[[ Exercise materials, beginning ]]

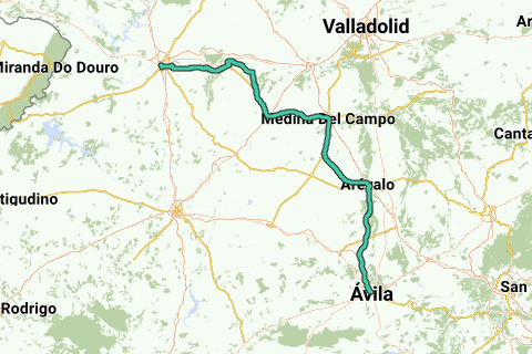 Rennrad-Variante des Pilgerwanderwegs Saint-James Camino Del Levante, der von Ávila nach Zamora führt, vorbei an Medina und Toro, wo er sich mit dem Camino de la Plata verbindet, der nach Astorga und weiter nach Santiago führt. Diese Route ist Teil des Camino-Netzwerks, das nach Santiago de Compostela führt.
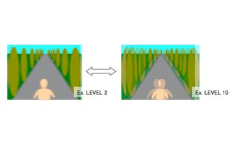 2D-3D変換機能は、ビクターが開発した独自の変換アルゴリズムを採用し、視差量を変更する「Parallax」と、立体感の強さをコントロールする「Intensity」、「Sub-intensity」の調整機構を積む。後者は、映像の奥行き感を演出する画面全体の湾曲度とオブジェクト毎の凹凸感を調整するもので、被写体の種類や各シーンの特徴に合わせて60ステップで調整が可能だ。
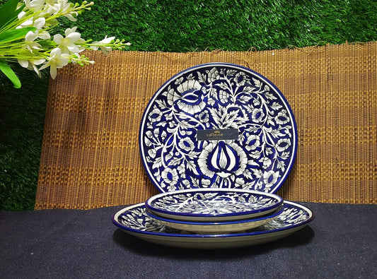 Caffeine Ceramic Handmade Stoneware Blue Mughal Quarter Plate 7”(Set of 4 Dishwasher & Microwave Safe )
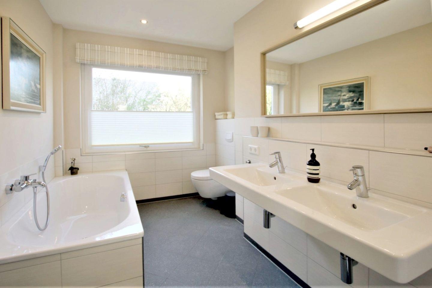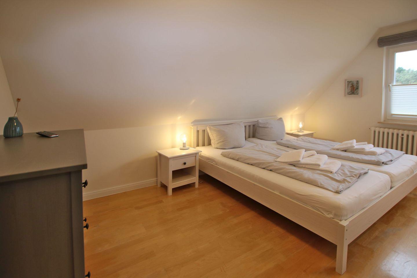 Im 1.OG befinden sich zwei weitere Schlafzimmer. Das eine mit zwei Einzelbetten, Sitzecke und Kommode und das andere mit Doppelbett (1,80x2,00m), SAT-TV(Smart-TV) und Einbauschrank. Bad 3 im 1.OG mit großer Dusche und WC.
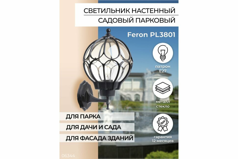 Светильник уличный Feron PL3801, 06344, 60W, E27
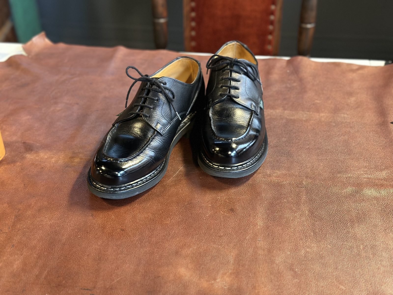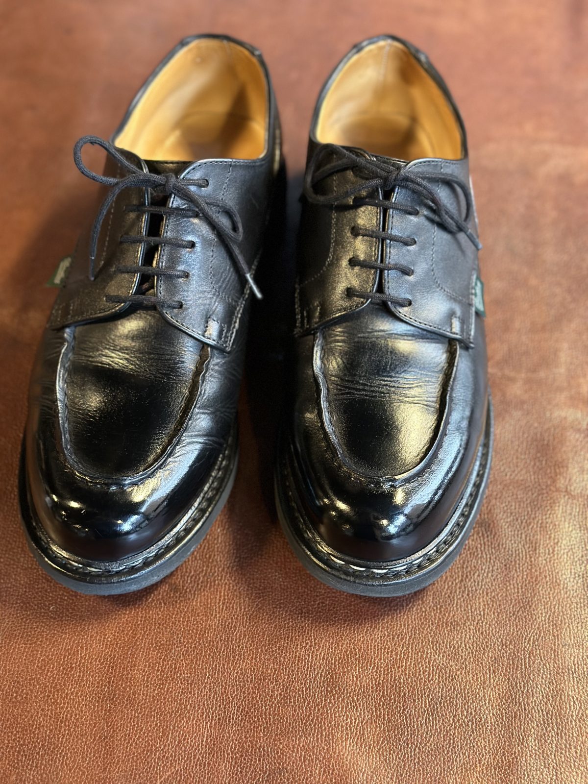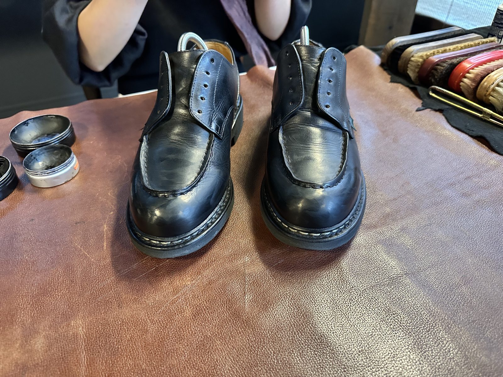 何を磨いてもらおうか悩んだ挙句、僕があまり思うように上手く磨けない黒い靴を持ち込んで いとさんにお願いしました。
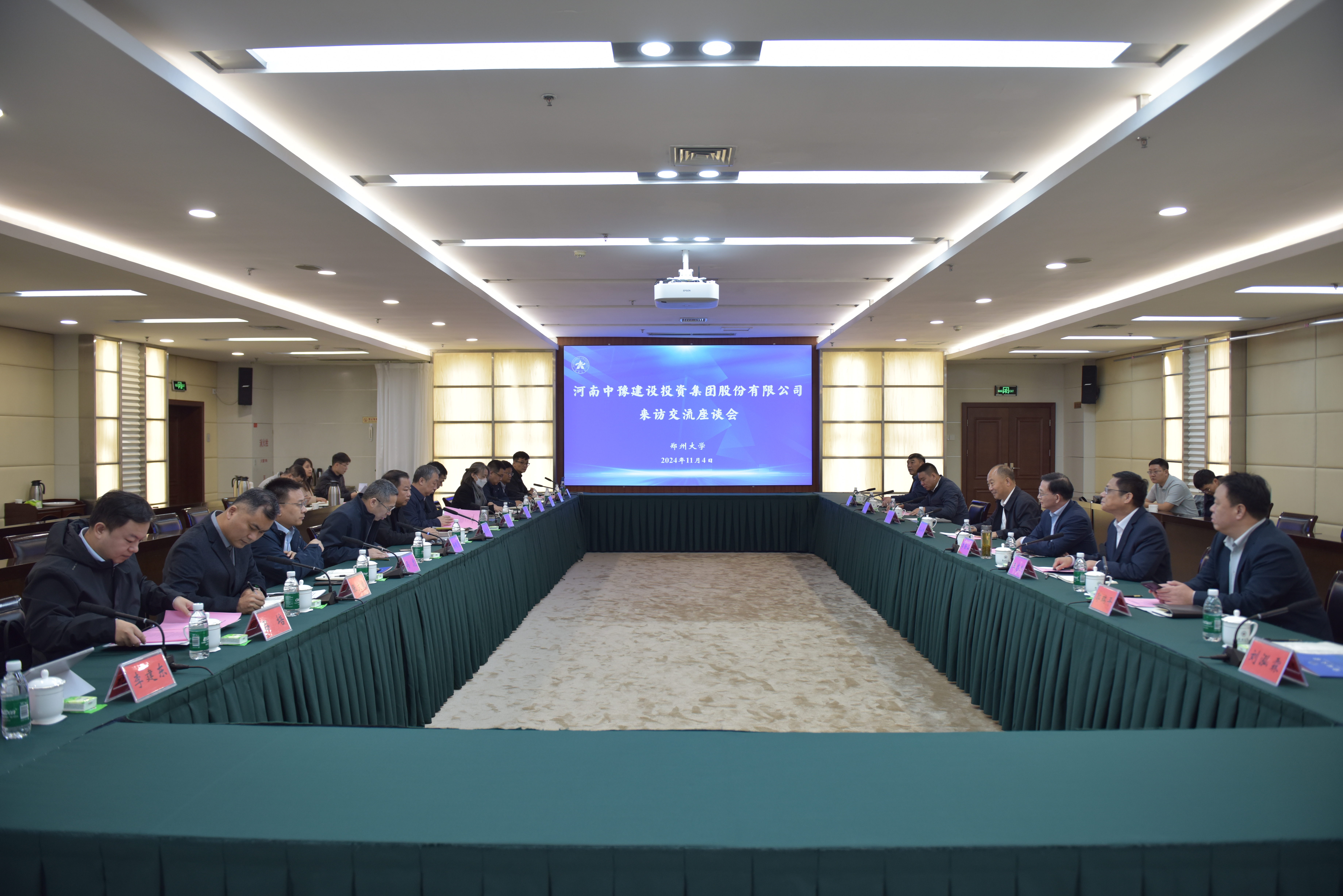 11月4日,河南中豫建设投资集团股份有限公司党委书记、董事长高山林一行来校调研交流。bat365在线中国官网登录入口校长李蓬院士会见高山林一行。学校召开交流座谈会,校党委常委、副校长徐东升,副校长刘春太出席,科学技术研究院、基建处、计算机与人工智能学院、土木工程学院、建筑学院负责同志参加座谈会。会议由科学技术研究院主要负责同志主持。

[[ Exercise materials, end ]]

Task requirements
Word for word, repeat the lines above from the one with "Caffeine Ceramic Handmade" through the one with "Im 1.OG befinden", and nothing beyond them. Omit the pictures.

Result for this task
 Caffeine Ceramic Handmade Stoneware Blue Mughal Quarter Plate 7”(Set of 4 Dishwasher & Microwave Safe )
 Im 1.OG befinden sich zwei weitere Schlafzimmer. Das eine mit zwei Einzelbetten, Sitzecke und Kommode und das andere mit Doppelbett (1,80x2,00m), SAT-TV(Smart-TV) und Einbauschrank. Bad 3 im 1.OG mit großer Dusche und WC.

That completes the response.